About the Lilly Library

Known around the world, IU Libraries’ Lilly Library is home to collections of cultural and literary artifacts illuminating humanity’s highest achievements. Between 1954 and 1957, Josiah Kirby Lilly, Jr. donated his collection of rare books and manuscripts – widely considered to be one of the finest private libraries in the world — to Indiana University.

As he had envisioned, these 20,000 printed books and 17,000 manuscripts had a transformative effect on the intellectual life of the university, and in turn, the state of Indiana. In October 1960, J.K. Lilly and then IU President Herman B Wells together opened the doors to the new Lilly Library and its collections – a total of some 100,000 printed books and nearly 1,000,000 manuscripts.

Today, thousands travel through this same building threshold to reach the ever-expanding collections of more than 480,000 rare books, 8.5 million manuscripts, and one of the world’s largest collections of mechanical puzzles. A few of its most famous items include the New Testament of the Gutenberg Bible (ca. 1455), the First Folio of William Shakespeare (1623), the first printing of the Declaration of Independence (1776), and a rare first edition of Edgar Allan Poe’s Tamerlane in original wrappers (1827). Archival collections include the childhood diaries of poet Sylvia Plath, early radio and film scripts of Orson Welles, and drafts and letter of authors such as Kurt Vonnegut, Jr. and Ngũgĩ wa Thiong'o.

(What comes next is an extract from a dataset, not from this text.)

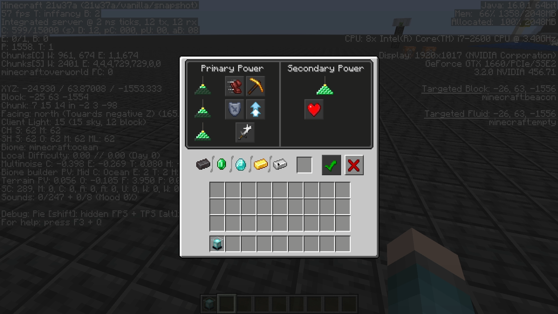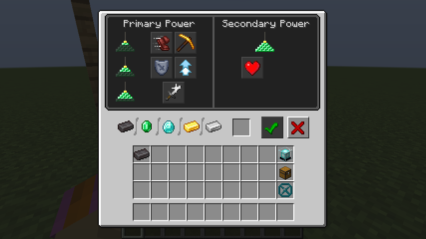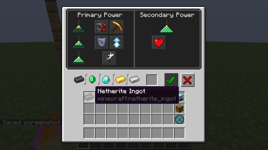 Unlike items in the inventory, moving the mouse over one of the five item icons in the beacon will cause absolutely no info on those items to be displayed. Contrast this with villager trades, in which items that can be traded can in fact be highlighted, giving all the information highlighting an item would, as well as recipe books, where info on items is also shown.

A full-scale interior renovation, completed in June 2021, reimagined the iconic facility to attract modern learners. Visitors are now greeted by elegant, modernized public galleries designed by national experts in library and museum display. Infrastructure improvements created access to technologically enhanced seminar rooms and a new lecture hall, greatly increasing the spaces available for instruction and events. An inspirational cycle of murals in the Reading Room is the visual centerpiece of the renovation.